I plan to investigate the No Child Left Behind Act of 2001 and its effect on the schools of the state of Connecticut. This piece of legislation has had a long and turbulent history from its enactment up to the present date, and it has produced both impressive effects and troubling problems. I hope to gather data in an unbiased manner so as to paint the picture in the most accurate view possible. It helps that I attended a private school far from New England, thus I started out oblivious to the NCLB Act’s repercussions. However, I have observed from some brief research into the subject that there has been a trending towards the stance that the Act accomplished more in the hindering of education than its improvement. This is the point of view around which I will likely wrap my thesis.
I will address core issues and concepts of the No Child Left Behind Act, including, but not limited to:
1. A simplified, clear-cut definition of the Act, its goals, and its accomplishments backed by statistical fact. Some of the data I collect will involved the pooled numbers from the entire results of U.S. schools, but I will try to focus on Connecticut.
2. An investigation of the NCLB Act’s primary elements, including standardization, necessitating the Adequate Yearly Progress (AYP) parameter, and emphasis on a narrow testing curriculum of mathematics, reading, and writing.
3. The effects of the aforementioned elements, including: increased accountability and responsibility of school staff to meet testing standards as well as the effects of standardization itself, the effects on exceptional students such as the gifted, minorities, and the disabled, and major reform calls to flawed aspects of the law.

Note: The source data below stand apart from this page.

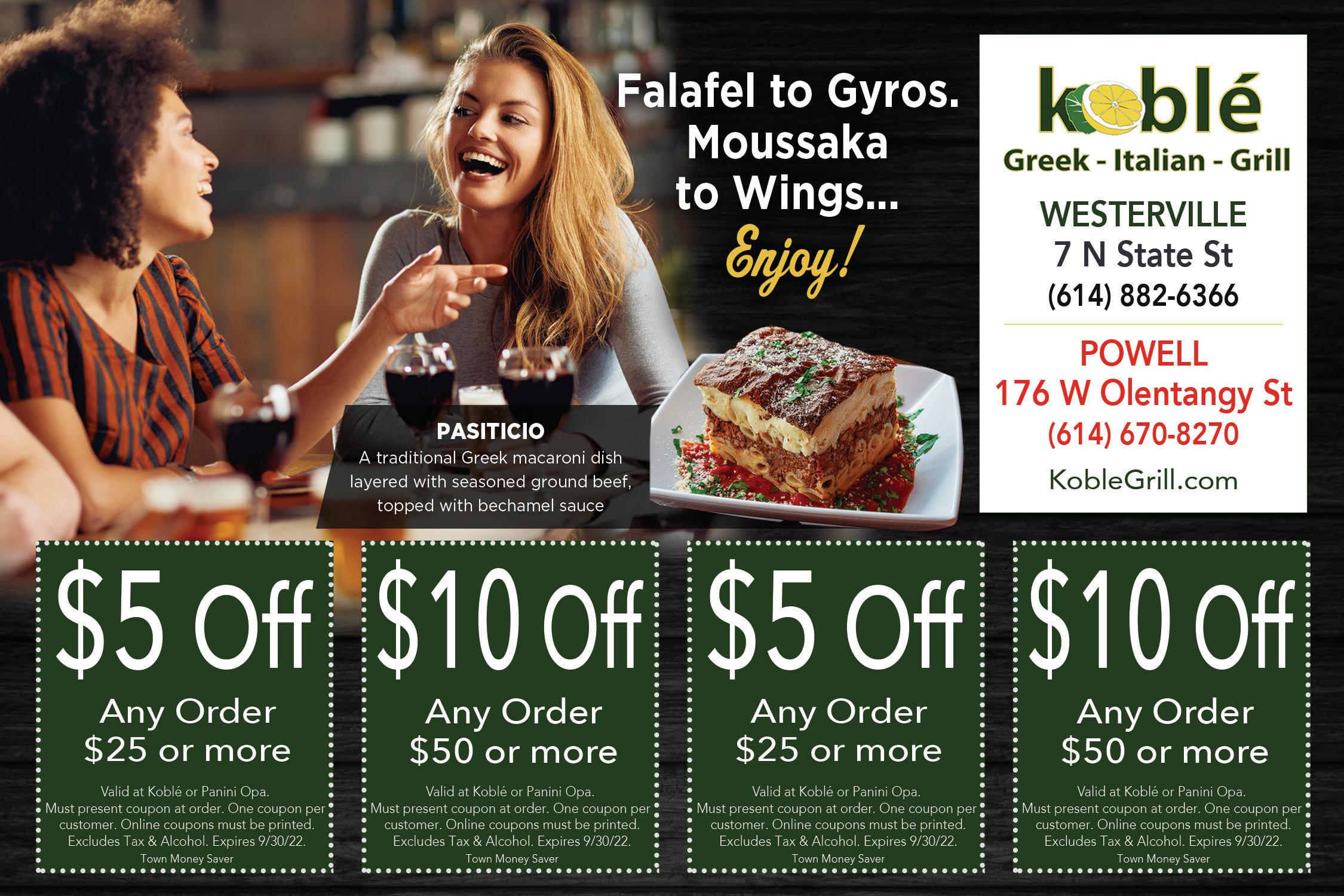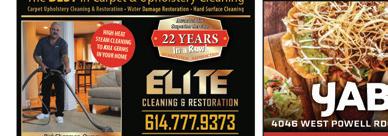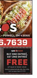 POWELL September 2022 Support LOCAL businesses! Shop local. Drive less. Save more. Brett Hatley (614) 981-6225 HatleyTeam.com Buying Selling Relocating? Call The Team You Can TRUST! Karla Hatley (614) 271-6801 . . Committed. Trustworthy. Responsible. THE FRESHEST AND BEST MEDITERRANEAN FOOD IN COLUMBUS! HOURS Mon-Sat 10:30 am – 9:30 pm Sunday 11 am – 9 pm A HEALTHIER ALTERNATIVE TO FAST FOOD! 20% OFF orders over $20. 4091 Powell Rd. • Powell 614-791-9100 greekexpressfamily.com Only one coupon per customer. Expires 9/30/22 Our proprietary L.E.A.P.® (Learning Experience Academic Program) curriculum encourages children to learn in their favorite way: by exploring and doing. We offer six stages of early childhood development from 6 weeks to 5 years old. (614) 389–1576 Enroll before month end & receive 50% OFF ONE-TIME ENROLLMENT! Expires 9/30/2022 501 Liberty Rd. N. • Powell, OH 43065 We make early education & daycare engaging and fun! Visit our website! DINE-IN • PICKUP • DELIVERY & CATERING 4046 WEST POWELL RD. • POWELL, OH 43065 614.336.7639 KITCHEN HOURS: MONDAY: CLOSED TUES–THURS: 11AM-9PM FRI & SAT: 11AM–10PM SUNDAY: 11AM–8PM BUY ONE ENTREÉ, GET 2ND ENTREÉ FREE (of equal or lesser value) Cannot be combined with other offers. Dine-in Only, Limit 1 per group. Expires 9/30/2022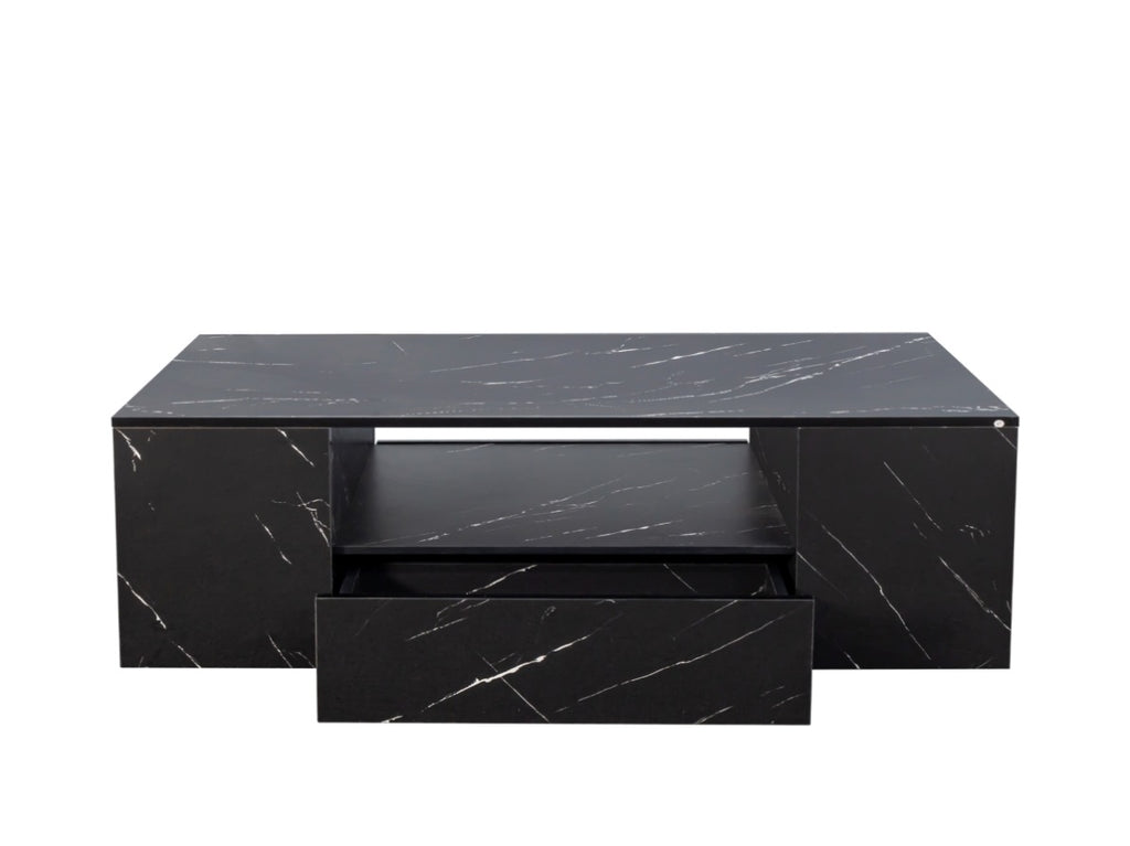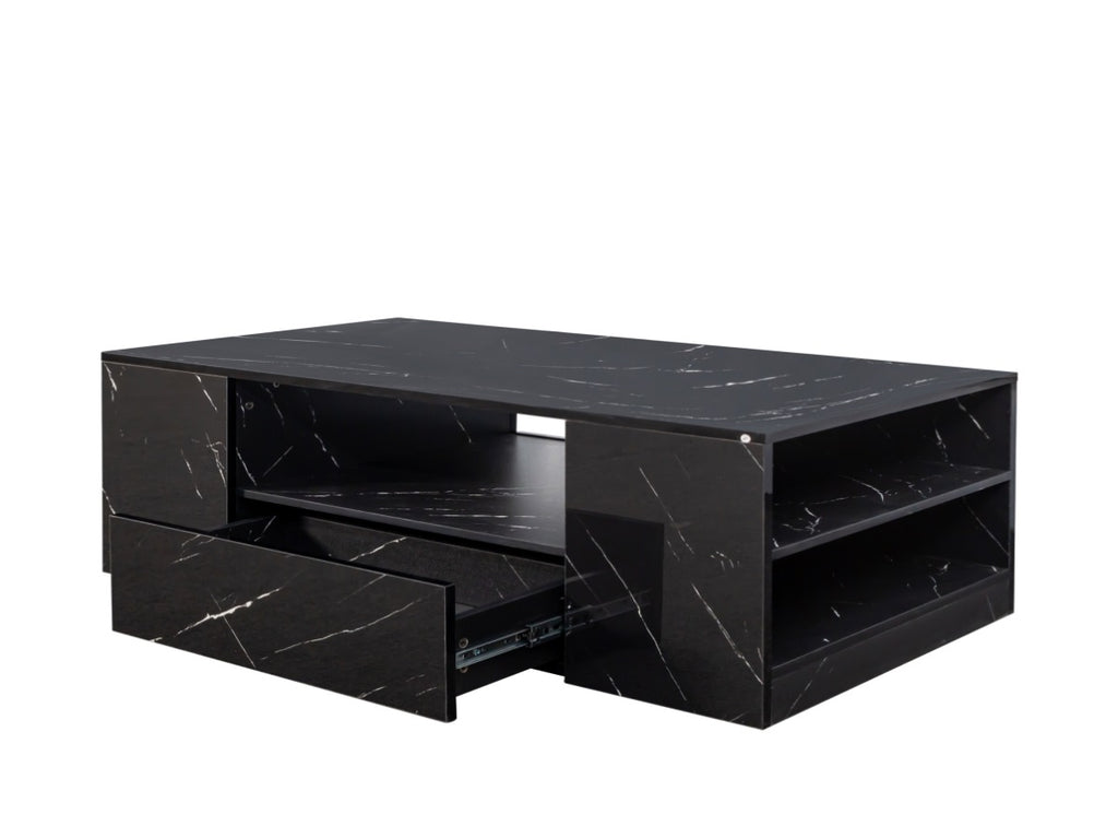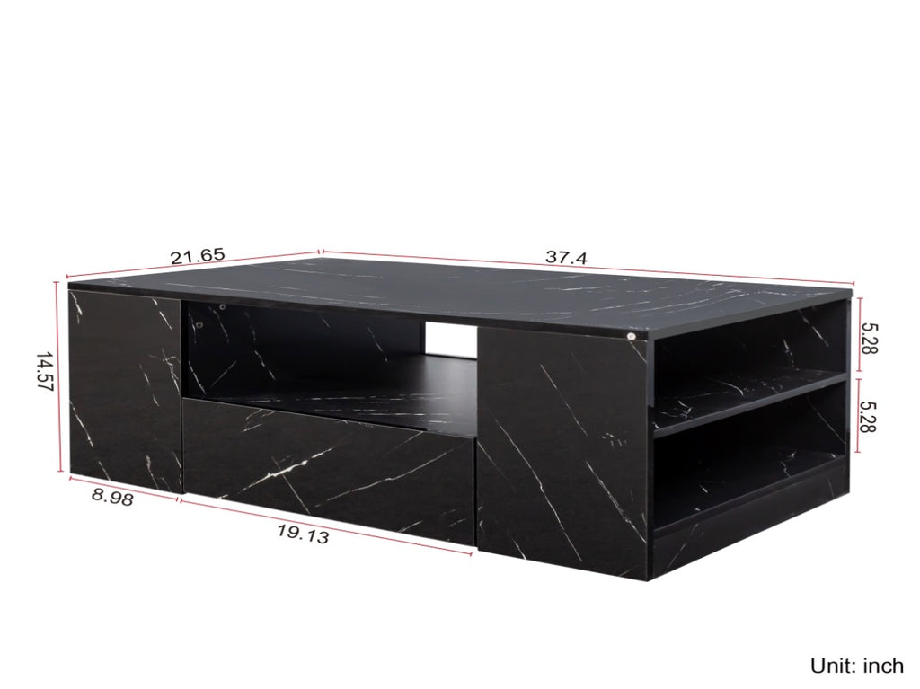 Coffee Table with Storage: Our coffee table features spacious open storage, side storage compartments, and two drawers, allowing you to neatly organize and store all your essentials, keeping your space clutter-free.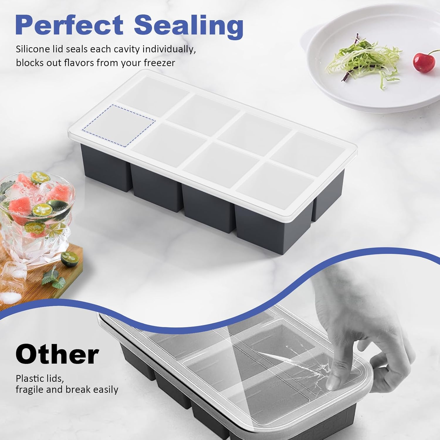 - UPGRADE LARGE SILICONE ICE CUBE TRAY: The upgrade bottom of big ice cube tray has individual compartments which make it easy to remove 1 ice cube at a time. The top lid snapped tightly and stays sealed to prevent spilling, keep ice fresh and eliminate freezer odors.

I will be dealing with a statistics involving test scores, minority concentration, and other areas of data unforeseen at this time. These numbers will be organized using Excel and likely use graphs and charts to express these findings in a clear and straightforward manner. I will look for videos or clips of adversaries and advocates (with the advocates probably presented as counter-evidence or paired with a refutal) of the bill. As of now, my primary source of information will be the TOR database with a focus on the Education page, but with possibly with some material from sociology or history. Citation and copyright laws will be appropriately researched.
Some possible sources:
I tried to embed links (using the appropriate button in HTML format) but they aren’t showing up here. Alas.
Daniel, your proposal about NCLB raises important policy questions, and can work for this web project if you find a hook to directly link it to the first question in our assignment: “1) What particular story about cities, suburbs, and schools do you wish to tell. . .?” I encourage you to draw a more direct connection between NCLB and city and/or suburban schools. You saw one way that I did this in the Sheff 2009 chapter that you facilitated last week. Another way to do this might be to explore how rates of NCLB “failing” schools have changed in the city and suburban region of metro Hartford since the law has been implemented. For example, here is one website where the CT Dept of Education reports NCLB results (http://www.csde.state.ct.us/public/cedar/nclb/index.htm). There may be another newer location on the redesigned CT CEDAR website. For your web project, you could create a Google spreadsheet chart or Google fusion tables map to help us visualize the rate of NCLB “failures” or “warnings” across Hartford and selected suburban districts over the past few years. Many policy observers argue that public support for NCLB is weakening as more and more suburban districts are found to be in violation of the law, since its standards rise each year. Let me know if you have more questions about this in seminar.
About your sources: how did you attempt to enter them to your post? Let me know in seminar.